Andra berlari menuju tengah lapangan sambil menggiring bola basket dengan peluh yang mengucur di keningnya. Di sana sudah ada Eric, Aldo dan Rio yang menunggunya membawa kembali bola basket mereka yang tidak sengaja terpental karena ulah Aldo."Lama banget, sih. Godain cewek lo, ya?" tebak Aldo renyah yang membuat Andra melemparkan tatapan tajam ke arahnya. "Slow man, nggak usah melotot. Cuma nanya juga, gue."
Aldo menepuk bahu Andra pelan berusaha menciptakan suasana humoris. "Siapa tahu lo tobat."
Eric dan Rio yang juga berada di sana, terkekeh dengan kalimat yang dilontarkan Aldo.
Sedangkan Andra menatap Aldo datar, lalu mengalihkan pandangannya pada tangan Aldo yang masih nangkring di bahunya. "Nggak usah sok akrab."
Aldo langsung menurunkan tangannya dari bahu Andra diiringi dengan gerakan memutar bola matanya malas.
"Udah tahu galak. Masih aja lu godain." Rio yang membuka suara berusaha menengahi. "Cari mampus banget." tambahnya lagi.Eric menghampiri Andra yang tengah berkali-kali mencoba memasukkan bola ke dalam ring, dan mengabaikan Rio dan Aldo yang asik ngobrol sendiri.
Saat Eric men-drible bola dengan tangan kirinya, Andra merebutnya dengan mudah melalui sisi kanan tubuh Eric dan mendapatkan bola itu lalu men-shoot-nya. Merasa tertantang, Eric berlari ke arah Andra yang melakukan kegiatan menipu lawan berkali-kali saat Eric berniat mengambil bola dari tangannya. Dan lagi-lagi dia gagal. Andra berhasil men-shoot-nya lagi untuk yang kedua kalinya.
"Shit!"
Andra tersenyum miring saat mendengar Eric mengumpat. Mungkin mendengar Eric mengumpat dengan geram bukan suatu hal baru yang sering Andra temukan. Tapi saat melihat Eric tidak bisa merebut bola darinya, membuat Andra menyimpulkan jika ada sesuatu yang mengganggu pikirannya.
"Masalah cewek?" tanya Andra, seolah-olah dia bisa membaca pikiran Eric.
"Si Caca ngambek gara-gara gue bangun kesiangan dan telat jemput dia.
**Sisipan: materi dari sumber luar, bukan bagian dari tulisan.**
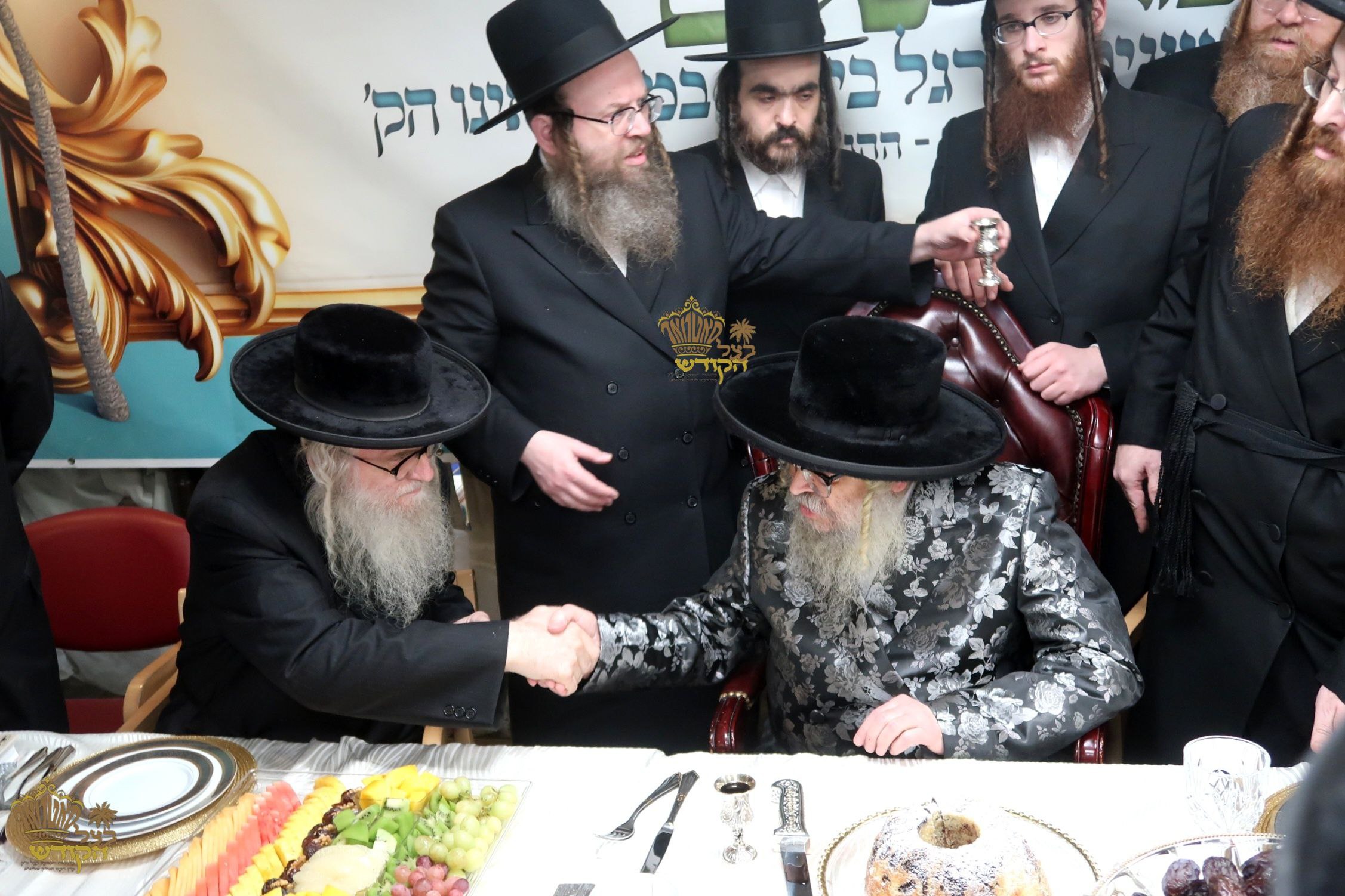 ארום 10:00 (3:00 ניו יארקער זייגער) איז רבינו שליט"א אריינגעקומען צום מסיבת לחיים לרגל הכנסת ספר תורה דורך קהלתינו הק' לע"נ רבותיה"ק זי"ע, צווישן אנדערע זעהט זיך אן כ"ק אדמו"ר מוויזניץ בי"ש שליט"א. ~🌴~
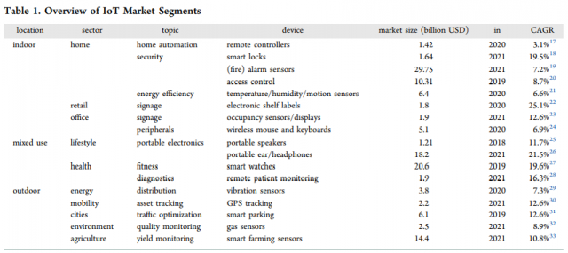 雖然物聯(lián)網(wǎng)市場(chǎng)巨大且增長(zhǎng)迅速,但要確定能量收集的最佳應(yīng)用并非易事。用例將定義需要由太陽(yáng)能模塊提供的功率預(yù)算。放置設(shè)備的環(huán)境和產(chǎn)品的外形尺寸定義了可能收集的能量的邊界條件。最重要的是,從業(yè)務(wù)角度來看,整合應(yīng)該是有意義的,因此需要進(jìn)行仔細(xì)的成本/收益分析,同時(shí)考慮到環(huán)境影響。為了解決這些問題,Saule的方法是查看物聯(lián)網(wǎng)應(yīng)用程序中最大和增長(zhǎng)最快的部分,并按位置、部門、設(shè)備類型和價(jià)值主張對(duì)其進(jìn)行分類。表 1 總結(jié)了一些已識(shí)別的機(jī)會(huì)。

Dan sampek sekarang, dia puasa ngomong sama gue." Eric bercerita dengan wajah suntuk yang sangat terlihat jelas.
"Udah gue bilang cewek itu ribet! Putusin aja, udah," ucap Andra telak yang membuat Eric menatap tak suka.
"Putus-putus, mata lo?" geramnya. Meskipun dia sering ngambek kayak anak kecil, tapi se-enggak-nya dia bisa bikin hari-hari gue berwarna setiap harinya," ucap Eric menerawang. "Dan, dia bisa bikin gue jatuh cinta," tambahnya lugas.
Andra menaikkan sebelah alisnya. "Masih percaya sama yang namanya cinta?"
Eric menatap Andra dengan memincingkan matanya tak mau kalah. "Dan lo, masih nggak percaya sama yang namanya cinta." Itu bukan pertanyaan, melainkan sebuah pernyataan yang jelas.
Andra menghentikan gerakannya melempar bola saat mendengar penyataan yang ditujukan jelas untuknya. Andra tersenyum sinis.
"Buat apa gue percaya sama hal yang menurut gue buang-buang waktu? Nggak ada gunanya banget."
Eric tertegun sejenak lalu menghela napas. Sorot mata Andra menyiratkan jutaan rasa sakit yang membelenggu dirinya dalam amarah. Membelenggu hatinya dalam rasa kecewa yang entah siapa yang akan membebaskannya. Eric tahu siapa Andra. Eric tahu masalah yang Andra hadapi bukan masalah kecil seperti kelihatannya. Tapi percuma Eric membantu Andra untuk berpikir lebih luas tentang tujuan Tuhan akan takdirnya. Andra seakan sudah menutup mata tentang kehidupannya. Dia sudah jatuh terlalu jauh.
"Suka-suka lo, deh. Ngomong sama lo itu kayak ngomong sama bola. Nggak ada ujungnya." Eric melenggang pergi menjauhi Andra dan berlari mendekati Rio dan Aldo yang telah memanggilnya sejak tadi untuk masuk ke kelas.
KAMU SEDANG MEMBACA
Adyra's Diary ✔
JugendliteraturSebelumnya, Andra selalu mengutuk hari-harinya saat bertemu Adyra. Tapi semakin lama, bayangan sorot mata ceria sekaligus meneduhkan itu selalu memenuhi pikirannya. Hingga sesaat, Andra teringat dengan perkataan Adyra waktu pertama mereka berjumpa. ...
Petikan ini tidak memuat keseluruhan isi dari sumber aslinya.